The x and y are the center coordinates of the camera. The camera will capture a canvas in the virtual coordinate system of size specified in virtual canvas size.

By default, x and y are set to half of the virtual canvas size, which in our case is 960 and 540. zoom is 1 and rotation is 0 by default.

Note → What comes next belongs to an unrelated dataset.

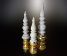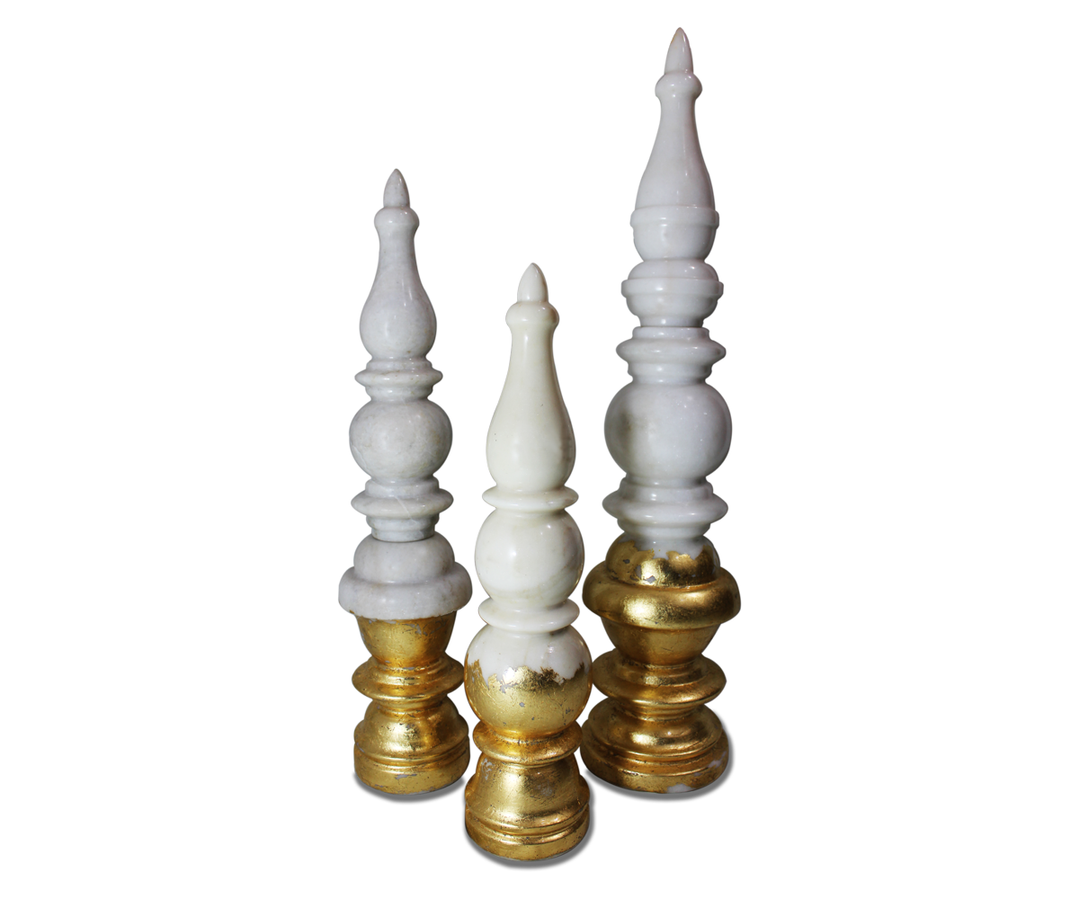 An elegant trio of gold leafed marble tops, inspired from Hindu temple tops. A unique blend of modern and traditional era. These hand-crafted temple corner will definitely brighten up your home. The organic form of it gives a comforting feel, whereas, the effect of gold leafing makes it one of our classic pieces.

The default camera is also called UI camera as it is mainly used for UI drawing.

A great feature of Messenger's camera system is that the global camera setting could be override by using groupWithCamera.

groupWithCamera : Camera -> List Effect -> List Renderable -> Renderable

You may even override the camera inside a groupWithCamera:

groupWithCamera camera1 [
groupWithCamera camera2 [
...
]
]

You could use the default camera (UI camera) by calling defaultCamera from Messenger.Coordinate.Camera.

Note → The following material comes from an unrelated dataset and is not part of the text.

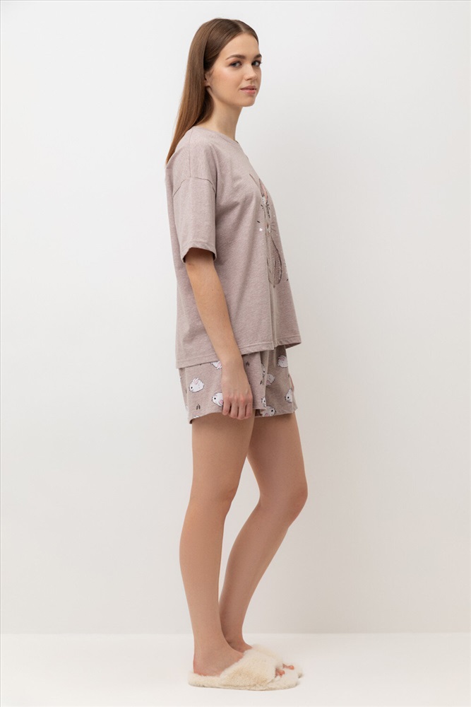 Комплект для комфортного сна и отдыха из трикотажа с нежным рисунком из 100% натурального хлопка. Футболка с короткими рукавами и спущенной линией плеча комфортно садится по фигуре. Шорты с мягким поясом на резинке. В поясе шорт атласная лента. Свободный силуэт не сковывает движения.

You can update the global camera with helpers from Messenger.Coordinate.Camera:

setCameraPos : ( Float, Float ) -> GlobalData u -> GlobalData u
setCameraScale : Float -> GlobalData u -> GlobalData u
setCameraAngle : Float -> GlobalData u -> GlobalData u
defaultCamera : Runtime -> Camera

Example:

import Messenger.Coordinate.Camera exposing (setCameraPos)

newEnv =
{ env | globalData = setCameraPos ( 960, 540 ) env.globalData }

Manual Coordinate System Transformation

In some cases, users may want to manually transform a coordinate in world space to view space, or vice versa. Messenger provides two handy functions in Messenger.Coordinate.Camera:

{-| Tranform a position from the world coordinate system to the view (camera) coordinate system.
-}
worldToView : Camera -> ( Float, Float ) -> ( Float, Float )
worldToView camera ( x, y ) =

{-| Transform a position from the view coordinate system to the world coordinate system.

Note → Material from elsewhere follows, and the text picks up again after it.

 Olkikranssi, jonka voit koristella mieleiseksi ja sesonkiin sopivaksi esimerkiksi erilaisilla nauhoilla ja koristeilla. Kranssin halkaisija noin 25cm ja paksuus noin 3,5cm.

This is the inverse of `worldToView`.

-}
viewToWorld : Camera -> ( Float, Float ) -> ( Float, Float )
viewToWorld camera ( x, y ) =

Canvas and HTML Coordinates

Some helpers use Runtime. Pass the runtime argument that Messenger gives to user model functions.

fixedPosToReal : Runtime -> ( Float, Float ) -> ( Float, Float )
posToReal : Runtime -> ( Float, Float ) -> ( Float, Float )
posToVirtual : Runtime -> ( Float, Float ) -> ( Float, Float )
lengthToReal : Runtime -> Float -> Float
fromRealLength : Runtime -> Float -> Float
fromMouseToVirtual : Runtime -> ( Float, Float ) -> ( Float, Float )
  • posToReal converts a point from virtual canvas coordinates to real canvas pixels.
  • posToVirtual converts real canvas pixels back to virtual coordinates.
  • fixedPosToReal is like posToReal, but also includes the canvas offset in the browser window.
  • lengthToReal and fromRealLength convert lengths between virtual and real coordinate systems.
  • fromMouseToVirtual converts a browser mouse position to Messenger virtual coordinates.

For extra HTML elements, use genAttribute from Messenger.Coordinate.HTML:

genAttribute : Runtime -> ( Float, Float ) -> ( Float, Float ) -> List (Attribute msg)

It generates fixed-position HTML attributes that match a virtual position and size.